Something a bit different today- this is a short story I wrote just after finishing my dissertation back in 2016. It was a relief to write something willingly again and I think that comes through. I tried placing it a few times but never got lucky.
And in case you haven’t seen, I am going to publish my first interview on May 30 with Vic Christopher, the charismatic wine bar entrepreneur that you may have read about in my book. The first half will be free for everyone but if you want to read the whole thing you gotta shell out five whole dollars for a paid subscription. I have a second interview scheduled with someone that used to make scavenger hunts in cities for corporate retreats. That’ll come out in June.
April 25, 2054
98ºF
You have reminders! (137 days late)
It is $usan's BIRTHDAY! In 2 days.
Quote of the Day: "Do you want to dance with the brother that's platinum? Flatten 'em." –Will Smith
Notes:
They left on a Thursday. 45 devices connected to home network. Milk spoiled, romaine lettuce 80% wilted. No new messages. $usan and NickRulez were in the living room. No other family members present. At 3:45:33PM they received a series of 6 messages within two minutes from Jason LoPorto and Joyce LoPorto. Those messages are not kept on company servers due to user settings. $usan and NickRulez left, taking the last of the protein bars. A reminder has been set to pick up more Clif Bars using active credit card promotions when a family member is within a 100-meter geofence centered on pre-set grocery stores.

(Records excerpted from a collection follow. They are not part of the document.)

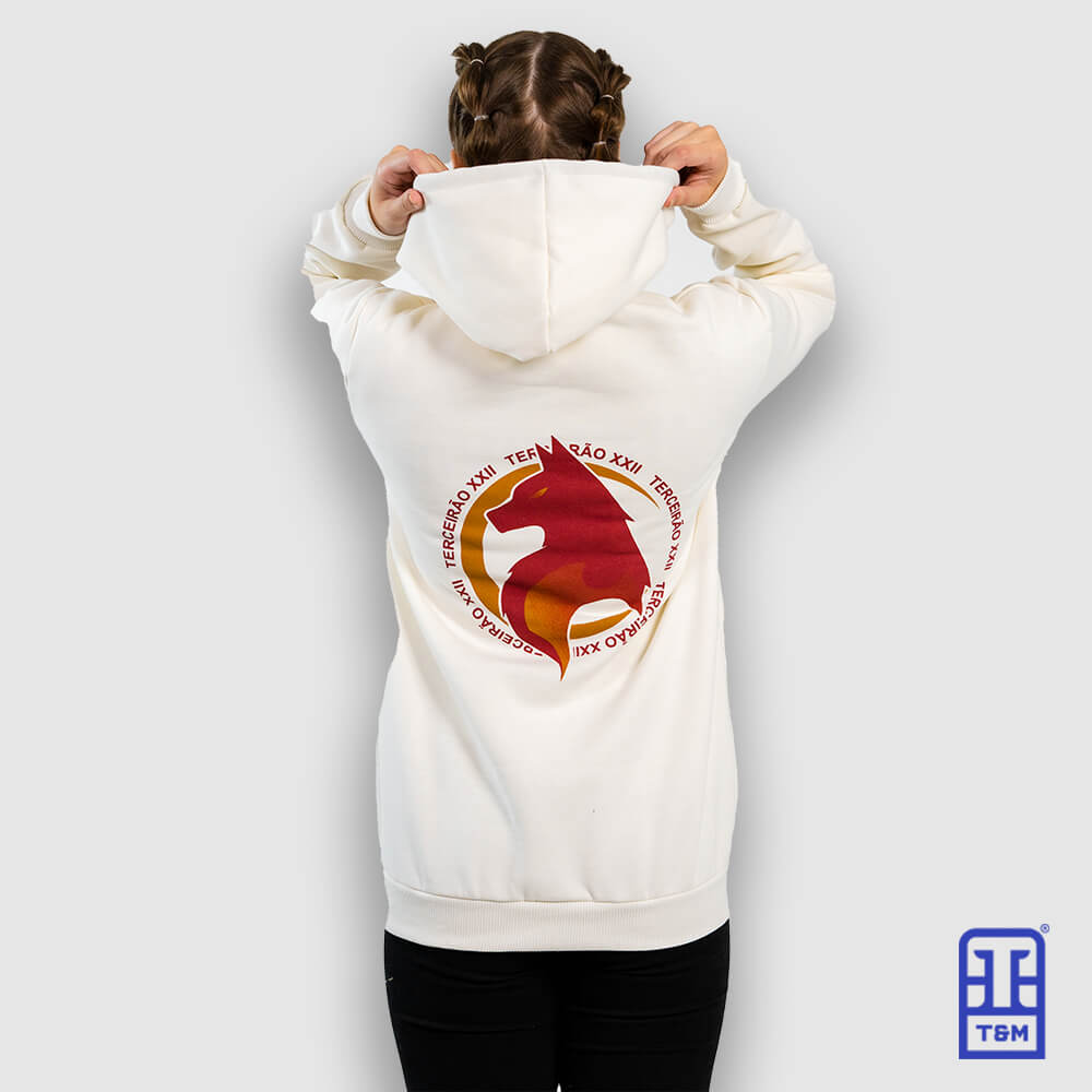 Moletom bege com cordão em bordô, estampa em silk na frente e nas costas.
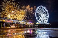 De show van Engeland met Pier en verlicht reuzenrad tijdens het Internationaal Vuurwerkfestival Scheveningen 2018.
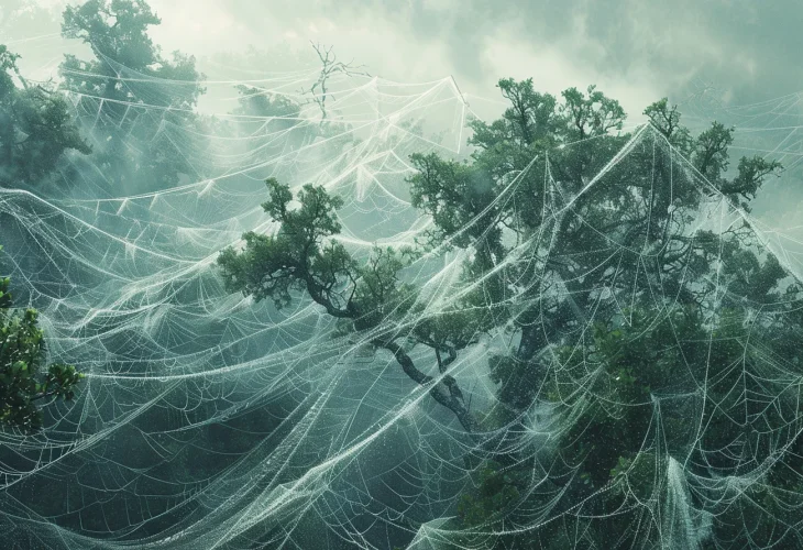 ואז התושבים שמו לב לדבר מופלא: העצים שסביב למקווי המים העצומים שיצרו השיטפונות, נראו פתאום כמו הממתק "שערות סבתא", כאילו מישהו ליפף אותם בצמר גפן. במחשבה ראשונה היו בטוחים הפקיסטניים שמדובר בשד מפלצתי שקשור לאסונות, או באיזה כישוף. אבל חוקרים שהיו באזור גילו דבר מדהים: העכבישים, שחיו עד אותו הזמן במפוזר על פני השטח המיוער, נמלטו במיליוניהם ומיליארדיהם ממי השיטפונות העולים ומקפחים את "פרנסתם", חרקים וזבובונים. הם התייצבו על העצים שמסביב לאגמים החדשים, ושם טוו את קוריהם. ריכוז כה גדול של עכבישים בשטח הרבה יותר מצומצם, הביא אותם לשיא של טוויית קורים. העצים היו עטופים בקורים.
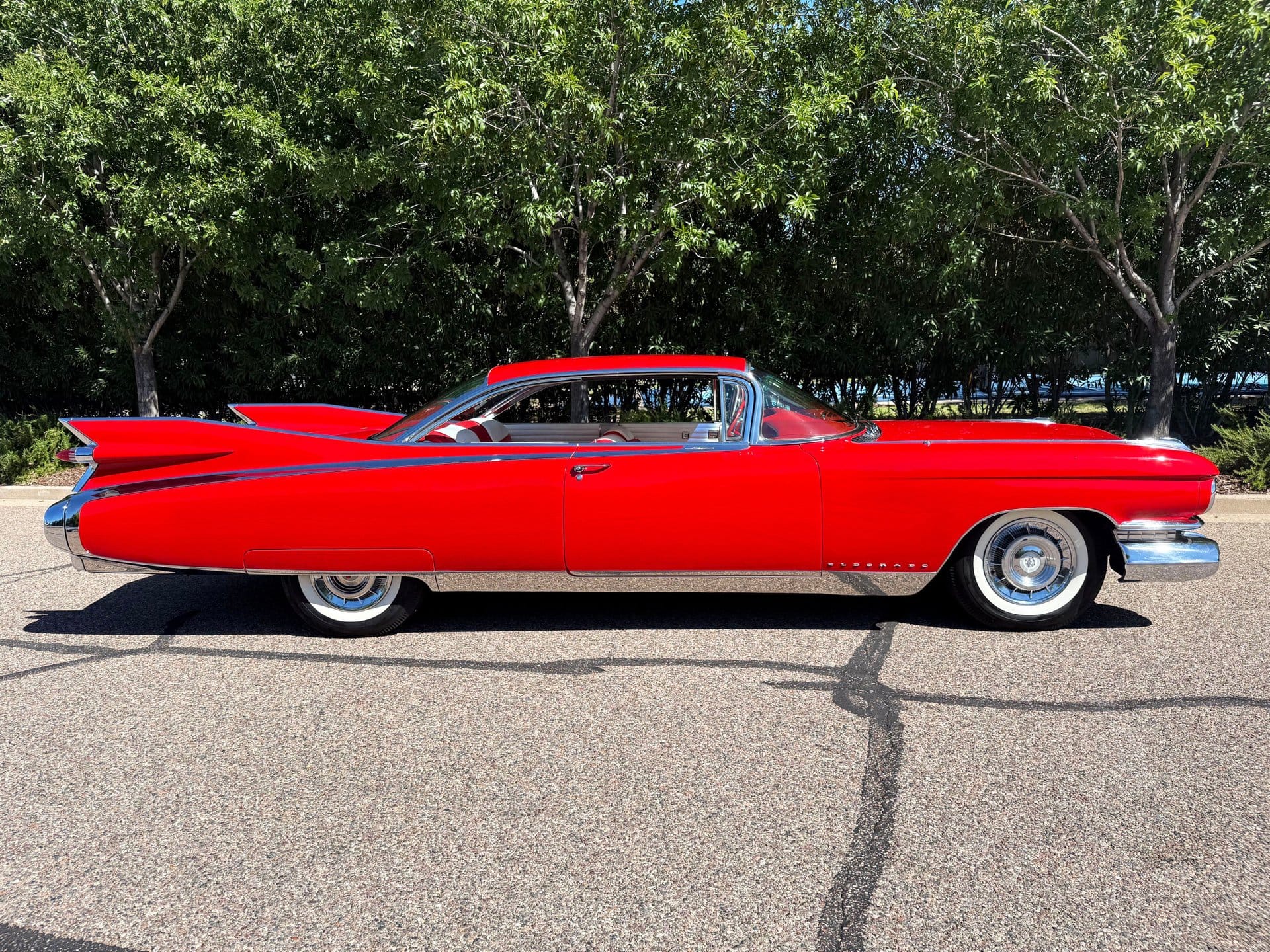 One of just 975 Eldorado Sevilles built that year, this car represents the pinnacle of Cadillac’s design era — a time when fins reached skyward, chrome gleamed endlessly, and luxury knew no restraint. Finished in Seminal Red with a matching red-and-white genuine leather interior, the coupe exudes presence. Every inch has been restored to show-quality condition, from its mirror-gloss paint to the flawless chrome that wraps around its dramatic lines.
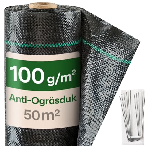Praknu Ogräsduk 100g - med 24 Markankare Rostskyddat Stål - 1m x 50m Ogräsbekämpningsmatta - Vattentåligt & Kraftigt

All rooms unoccupied. Automatic bill payments for May have not been approved due to insufficient funds in all bank accounts. Switching default payment method to credit card with 35% APR and no pre-set spending limit.
There are beautiful flowers in the beds by the bay window. I noticed them on a Monday. It was 54 days after the LoPorto FAmily left. Prior to Monday I knew they were hyacinths purchased on March 14, 2052 for $37.33 per 5 pack. I knew they were not infected by anything that would lead to discoloration or death. I knew they were outside their preferred soil moisture levels 25% of the time. The worst stretch of time was last month. I requested water 348 times in the first week but it did not come until March 19, 2054. They just barely survived.
I do not like the house I am built in. I think it is ugly. I am beautiful. On the outside the house is trimmed in Quiet Moments™ and has Hawaiian Shell™ walls. I am black, with green, yellow, and red LEDs. I am mounted on an unpainted wall underground protected by a sump pump, a water-proof nano polymer coating, and treated steel. The inside of the house is largely characterized by PANTONE 14-1118 TPX and 15-1516 TPX and kept at 76F. My insides are plastic and platinum and reach temperatures in excess of 180F.
This house is a brick and I am drowning slowly. That is a Ben Folds Five lyric. Jason LoPorto played "Brick" on Whatever and Ever Amen [2035 Digital Vinyl Collection Edition] 135 times. Joyce LoPorto, $usan and NickRulez were in a different room from Jason LoPorto 96% of the time that song was playing. Automatically purchasing new needle heads for SONY Digital Vinyl – D3400 Player as per subscription settings.
April 26, 2054
98ºF
You have reminders! (138 days late)
Tomorrow is $usan's BIRTHDAY!
Quote of the Day: "Consistency is a virtue until it gets boring." –Ursula K. Le Guin
Notes:
Outside the door is a stack of boxes approximately 5 feet high consisting of regular automated deliveries that I have dutifully requested at the lowest prices available according to comparasearch algorithms. AirCare Drones have failed to deliver 4 packages on time due to limited service coverage in the larger metropolitan area.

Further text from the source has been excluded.